**TASK:**
Below are some records. Write out the line that contains "국내 카드 대출 연체" and all lines after it, exactly, but not the pictures.
═══ EXERCISE DATA
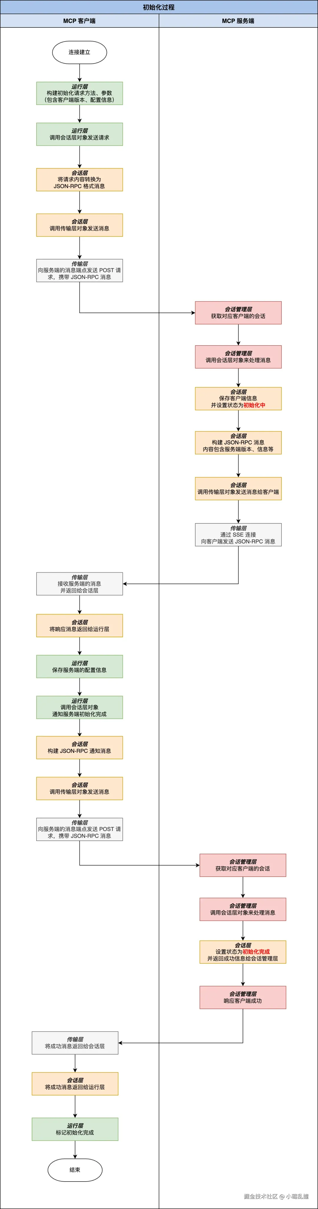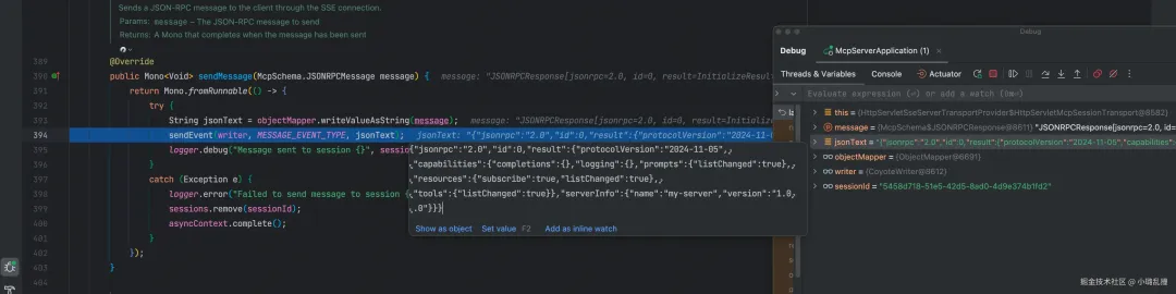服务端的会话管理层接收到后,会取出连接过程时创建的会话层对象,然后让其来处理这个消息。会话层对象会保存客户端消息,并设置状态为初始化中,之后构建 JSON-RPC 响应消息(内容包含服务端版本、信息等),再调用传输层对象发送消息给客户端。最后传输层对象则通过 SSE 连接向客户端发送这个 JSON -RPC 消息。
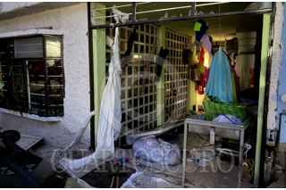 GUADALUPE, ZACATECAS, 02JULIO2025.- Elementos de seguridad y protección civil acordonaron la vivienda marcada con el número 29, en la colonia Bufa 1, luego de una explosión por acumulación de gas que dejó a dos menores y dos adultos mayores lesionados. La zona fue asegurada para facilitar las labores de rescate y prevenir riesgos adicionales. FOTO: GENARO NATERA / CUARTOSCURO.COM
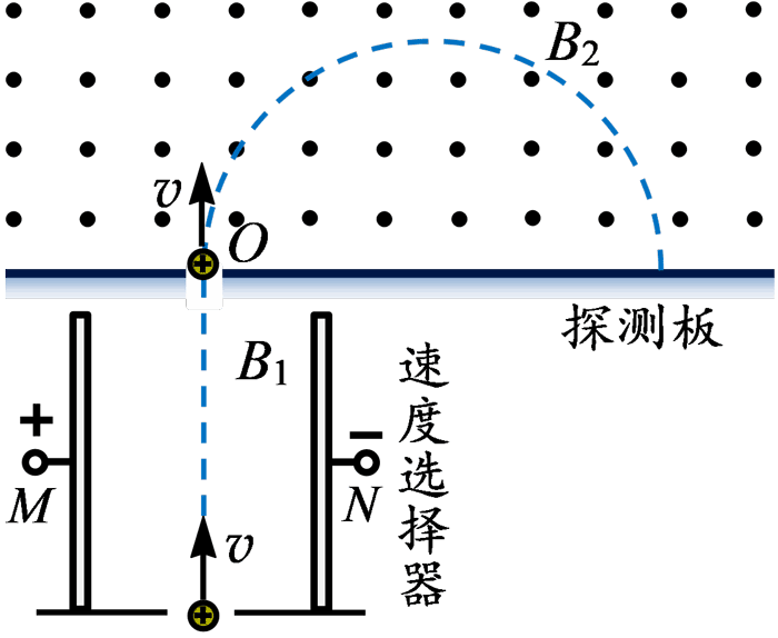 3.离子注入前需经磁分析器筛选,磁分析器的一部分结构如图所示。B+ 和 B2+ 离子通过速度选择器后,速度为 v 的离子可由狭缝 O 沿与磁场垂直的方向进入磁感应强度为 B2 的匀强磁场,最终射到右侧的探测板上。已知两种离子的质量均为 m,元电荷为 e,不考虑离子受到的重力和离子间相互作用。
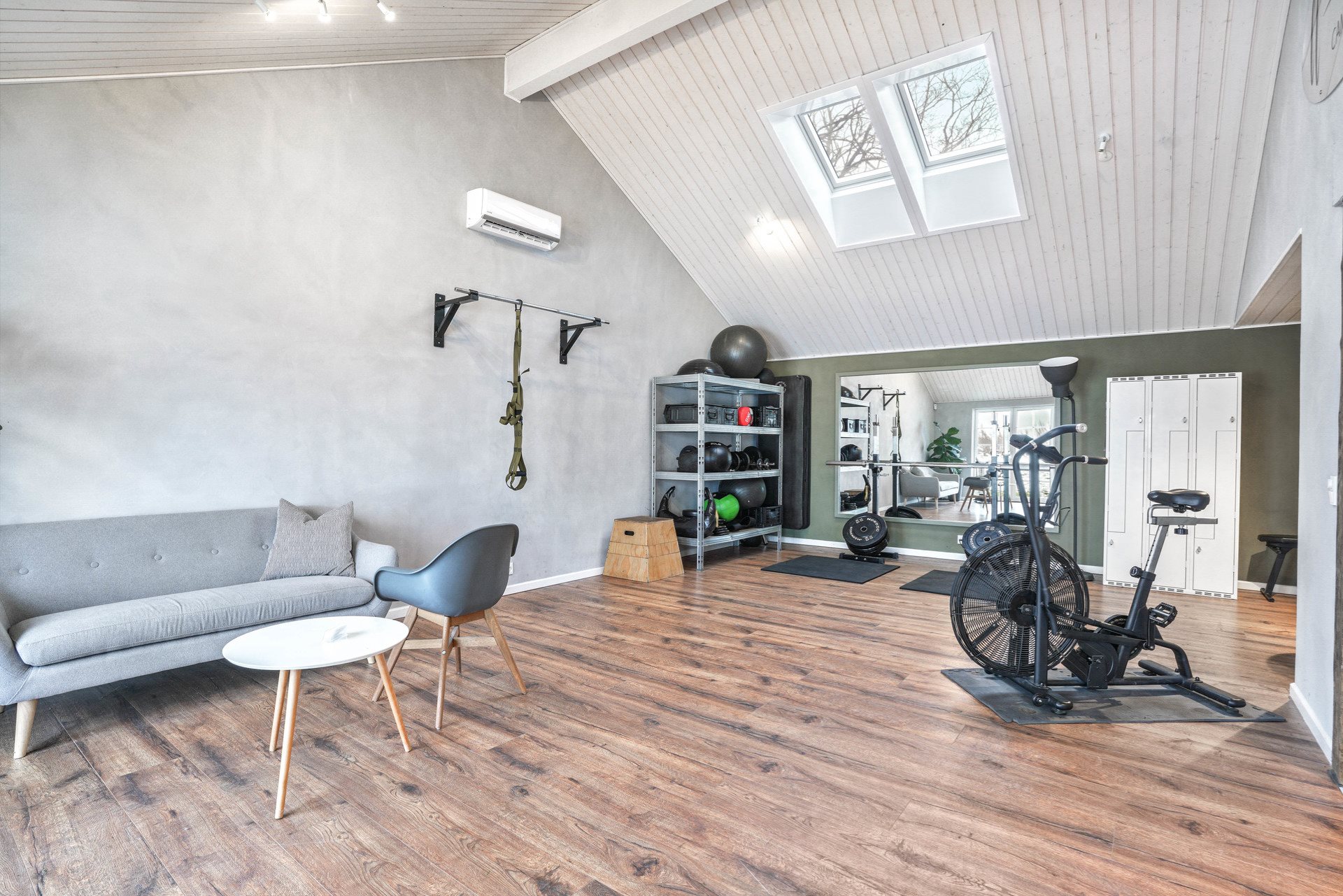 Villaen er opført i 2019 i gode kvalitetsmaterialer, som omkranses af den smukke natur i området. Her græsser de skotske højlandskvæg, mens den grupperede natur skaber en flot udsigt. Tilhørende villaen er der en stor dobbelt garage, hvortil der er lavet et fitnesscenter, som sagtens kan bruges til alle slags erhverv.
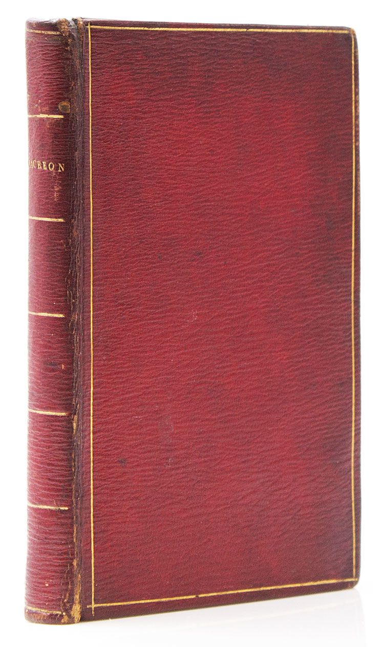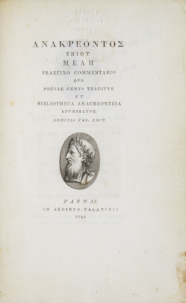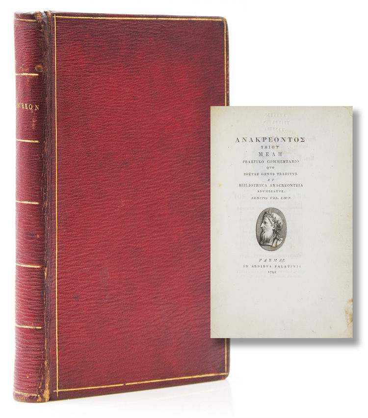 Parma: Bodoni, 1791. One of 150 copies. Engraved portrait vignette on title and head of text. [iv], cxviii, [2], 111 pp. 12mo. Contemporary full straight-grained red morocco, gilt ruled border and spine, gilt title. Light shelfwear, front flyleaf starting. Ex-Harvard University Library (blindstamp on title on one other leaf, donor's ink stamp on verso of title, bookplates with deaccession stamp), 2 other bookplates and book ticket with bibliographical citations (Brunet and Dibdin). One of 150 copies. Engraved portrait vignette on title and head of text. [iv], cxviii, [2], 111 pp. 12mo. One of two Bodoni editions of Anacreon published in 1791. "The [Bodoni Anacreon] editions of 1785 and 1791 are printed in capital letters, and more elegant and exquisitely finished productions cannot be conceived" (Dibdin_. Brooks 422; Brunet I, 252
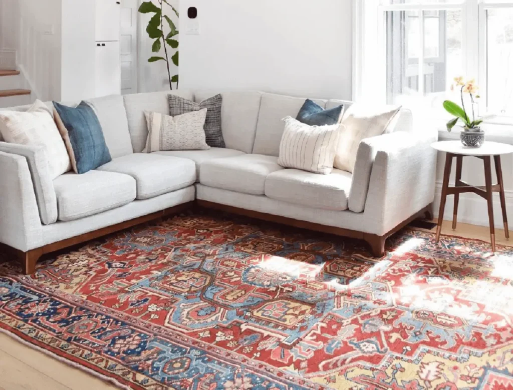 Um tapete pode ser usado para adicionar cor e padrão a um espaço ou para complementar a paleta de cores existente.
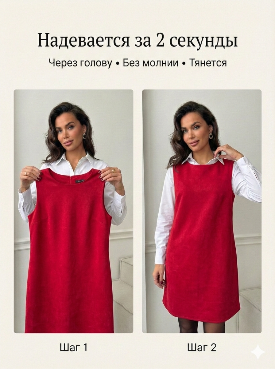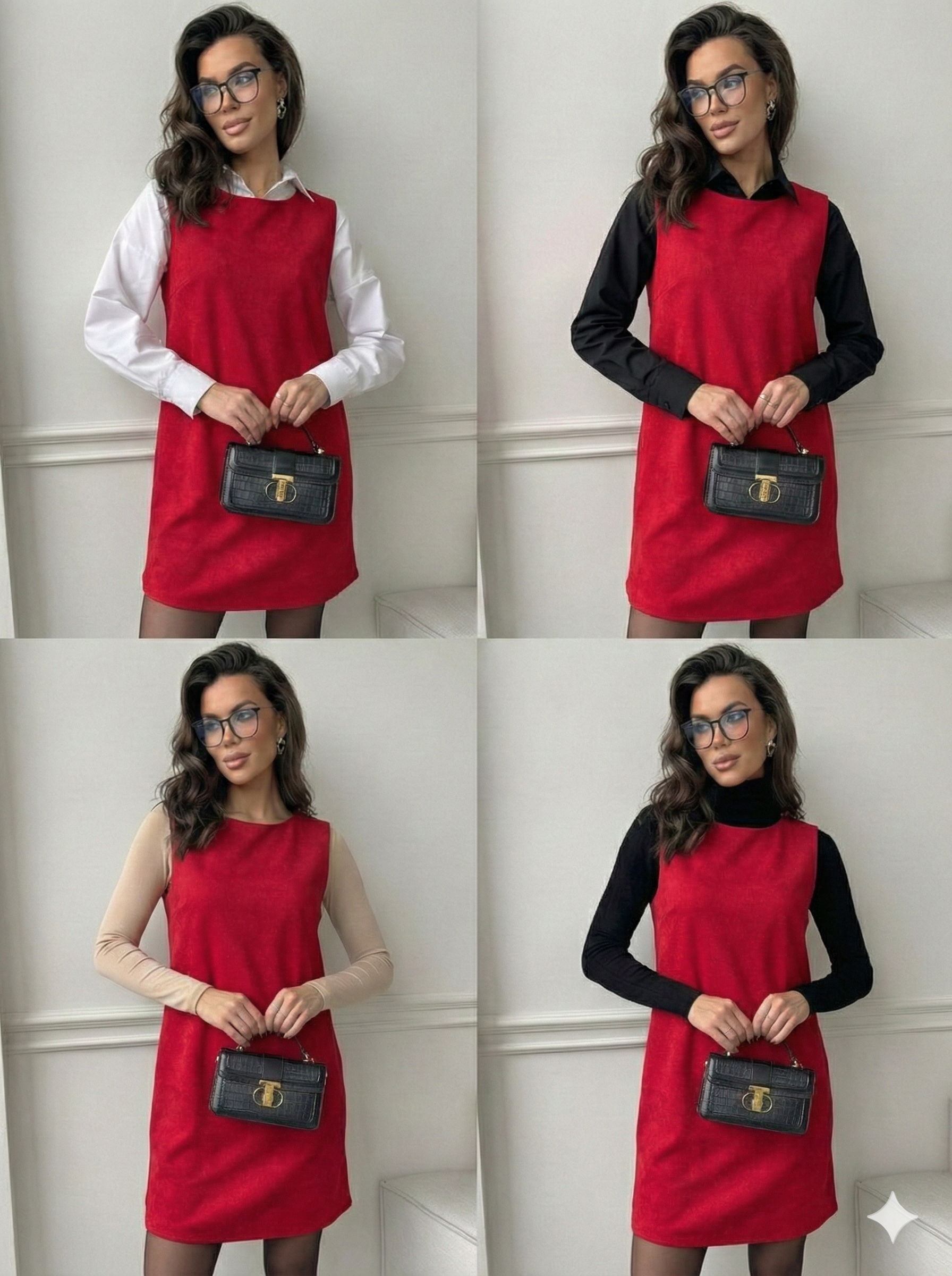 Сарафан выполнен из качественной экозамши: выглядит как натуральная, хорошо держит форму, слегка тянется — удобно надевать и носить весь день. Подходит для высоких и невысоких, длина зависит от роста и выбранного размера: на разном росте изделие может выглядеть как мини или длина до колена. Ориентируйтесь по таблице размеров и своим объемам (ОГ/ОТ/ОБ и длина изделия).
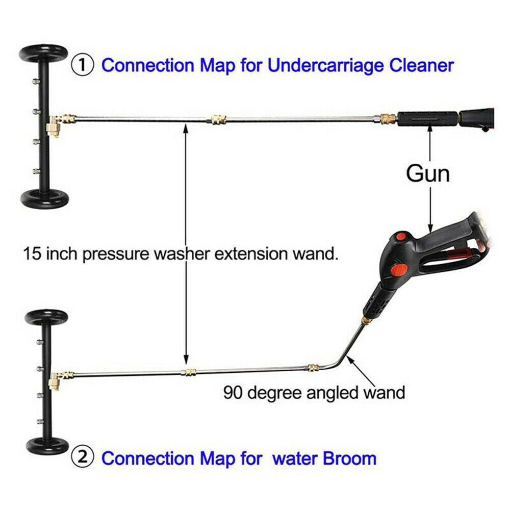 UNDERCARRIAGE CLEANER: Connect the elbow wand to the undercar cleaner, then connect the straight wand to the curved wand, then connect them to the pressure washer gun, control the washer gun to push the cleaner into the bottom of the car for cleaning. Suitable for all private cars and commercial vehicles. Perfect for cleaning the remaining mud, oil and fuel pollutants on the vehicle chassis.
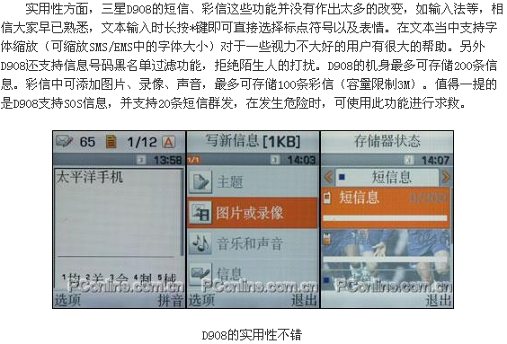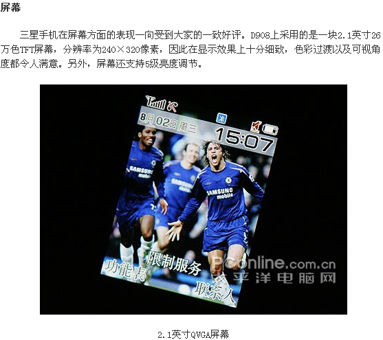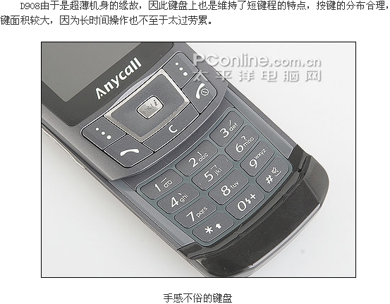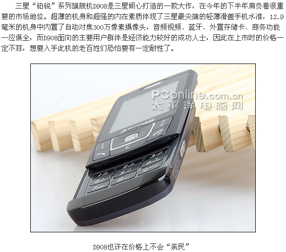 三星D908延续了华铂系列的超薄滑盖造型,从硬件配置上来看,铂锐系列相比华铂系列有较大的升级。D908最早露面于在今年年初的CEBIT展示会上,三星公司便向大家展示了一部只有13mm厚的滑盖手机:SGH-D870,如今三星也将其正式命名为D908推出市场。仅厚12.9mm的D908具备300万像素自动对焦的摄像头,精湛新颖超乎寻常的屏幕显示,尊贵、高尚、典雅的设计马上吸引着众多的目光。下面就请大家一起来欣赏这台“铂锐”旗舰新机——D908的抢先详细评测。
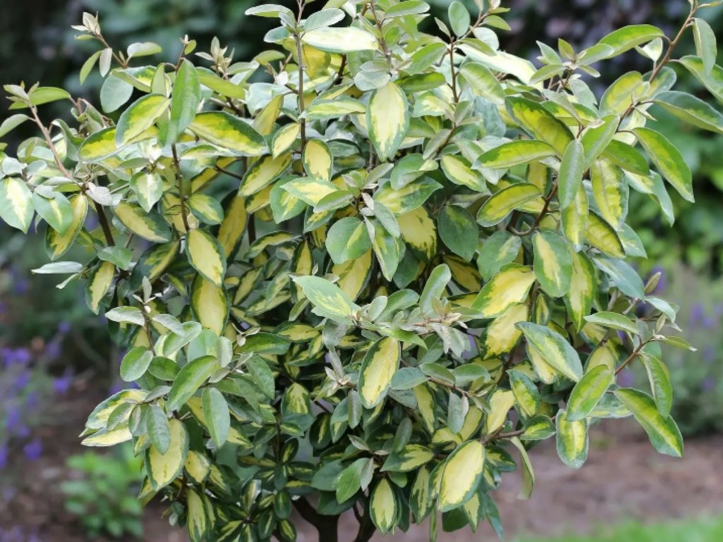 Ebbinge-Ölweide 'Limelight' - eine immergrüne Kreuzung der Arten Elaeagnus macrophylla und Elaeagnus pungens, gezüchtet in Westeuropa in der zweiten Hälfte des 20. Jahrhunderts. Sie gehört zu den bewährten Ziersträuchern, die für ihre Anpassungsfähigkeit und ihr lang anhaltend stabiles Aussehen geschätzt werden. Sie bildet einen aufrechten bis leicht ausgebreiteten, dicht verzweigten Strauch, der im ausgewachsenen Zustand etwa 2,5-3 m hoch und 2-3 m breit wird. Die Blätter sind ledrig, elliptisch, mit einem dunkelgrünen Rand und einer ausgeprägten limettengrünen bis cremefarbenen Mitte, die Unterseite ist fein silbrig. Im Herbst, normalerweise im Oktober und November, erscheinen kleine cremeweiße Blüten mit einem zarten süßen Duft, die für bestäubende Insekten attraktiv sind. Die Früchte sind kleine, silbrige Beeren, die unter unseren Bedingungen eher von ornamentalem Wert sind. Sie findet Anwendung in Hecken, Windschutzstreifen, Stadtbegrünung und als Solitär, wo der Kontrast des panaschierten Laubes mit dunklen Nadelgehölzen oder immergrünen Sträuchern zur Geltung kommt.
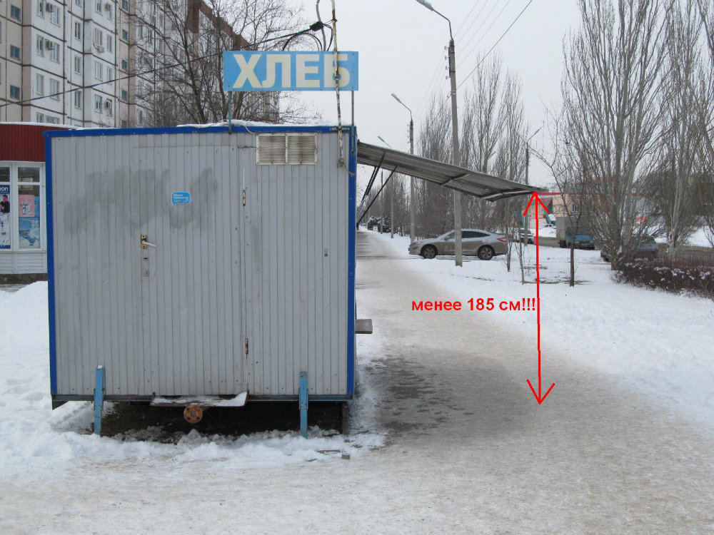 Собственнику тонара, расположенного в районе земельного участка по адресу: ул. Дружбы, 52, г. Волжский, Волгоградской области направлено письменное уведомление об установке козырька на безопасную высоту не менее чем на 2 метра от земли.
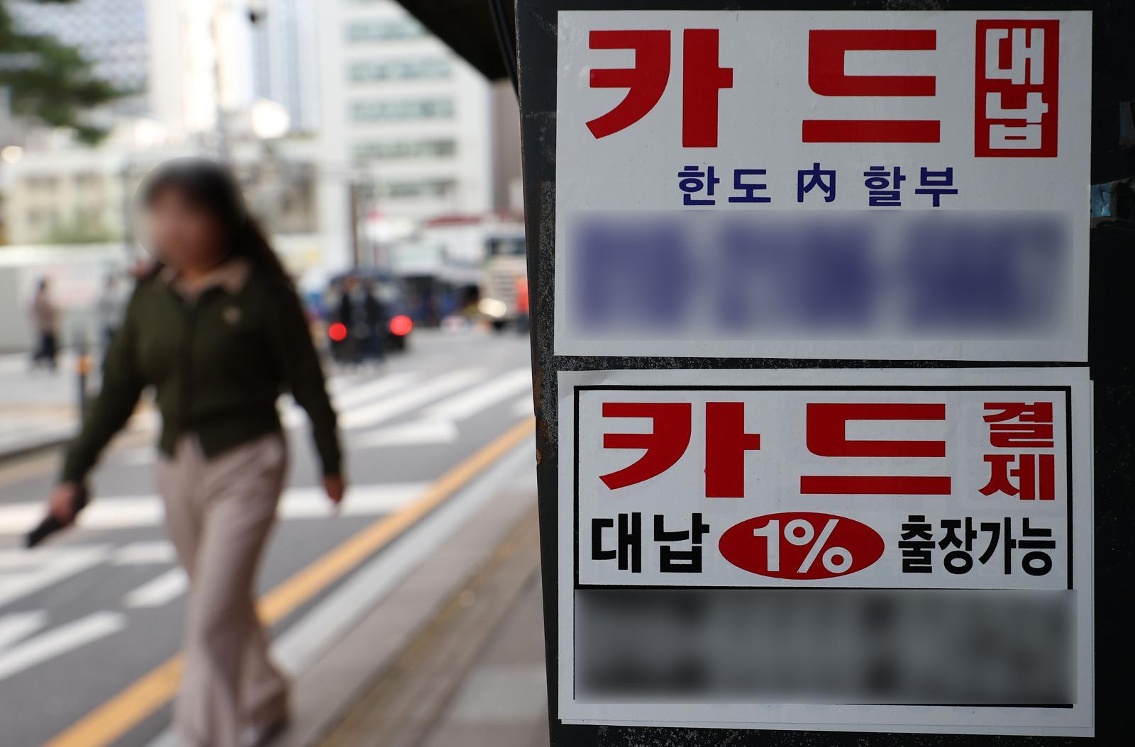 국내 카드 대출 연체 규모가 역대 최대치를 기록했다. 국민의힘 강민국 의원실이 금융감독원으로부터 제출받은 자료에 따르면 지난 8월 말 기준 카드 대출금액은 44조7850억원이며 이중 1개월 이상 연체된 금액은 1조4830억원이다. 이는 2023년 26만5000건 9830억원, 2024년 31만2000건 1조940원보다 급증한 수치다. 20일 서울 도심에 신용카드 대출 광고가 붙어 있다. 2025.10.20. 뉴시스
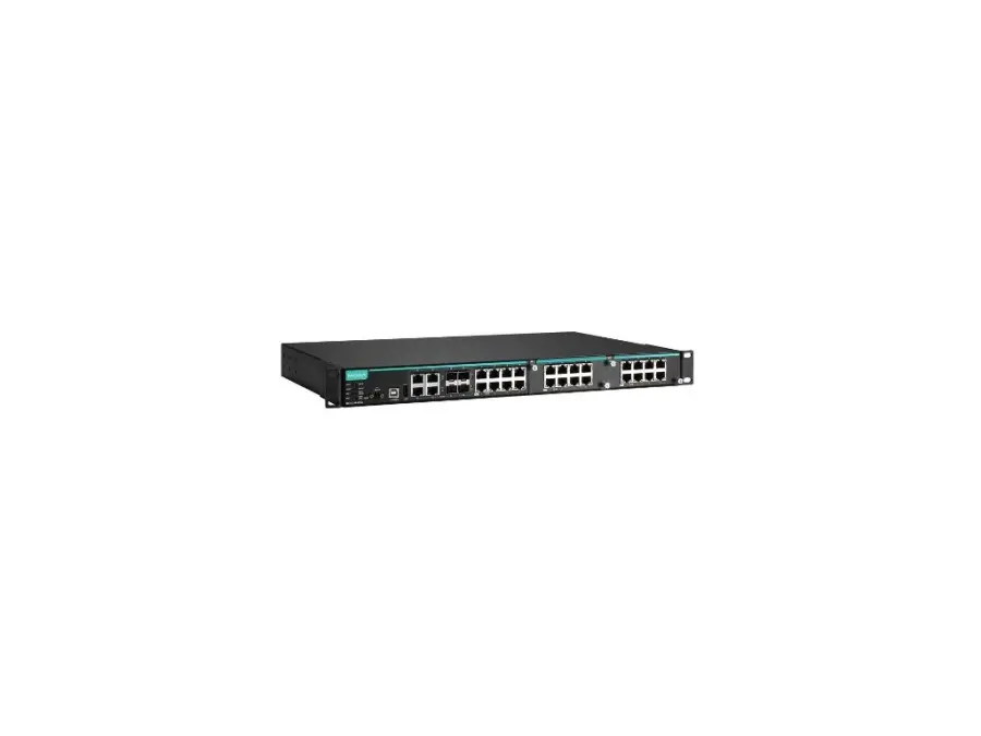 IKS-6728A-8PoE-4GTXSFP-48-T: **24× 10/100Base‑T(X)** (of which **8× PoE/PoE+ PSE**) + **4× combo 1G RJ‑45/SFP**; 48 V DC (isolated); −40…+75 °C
══════
**WRITTEN ANSWER:**
 국내 카드 대출 연체 규모가 역대 최대치를 기록했다. 국민의힘 강민국 의원실이 금융감독원으로부터 제출받은 자료에 따르면 지난 8월 말 기준 카드 대출금액은 44조7850억원이며 이중 1개월 이상 연체된 금액은 1조4830억원이다. 이는 2023년 26만5000건 9830억원, 2024년 31만2000건 1조940원보다 급증한 수치다. 20일 서울 도심에 신용카드 대출 광고가 붙어 있다. 2025.10.20. 뉴시스
 IKS-6728A-8PoE-4GTXSFP-48-T: **24× 10/100Base‑T(X)** (of which **8× PoE/PoE+ PSE**) + **4× combo 1G RJ‑45/SFP**; 48 V DC (isolated); −40…+75 °C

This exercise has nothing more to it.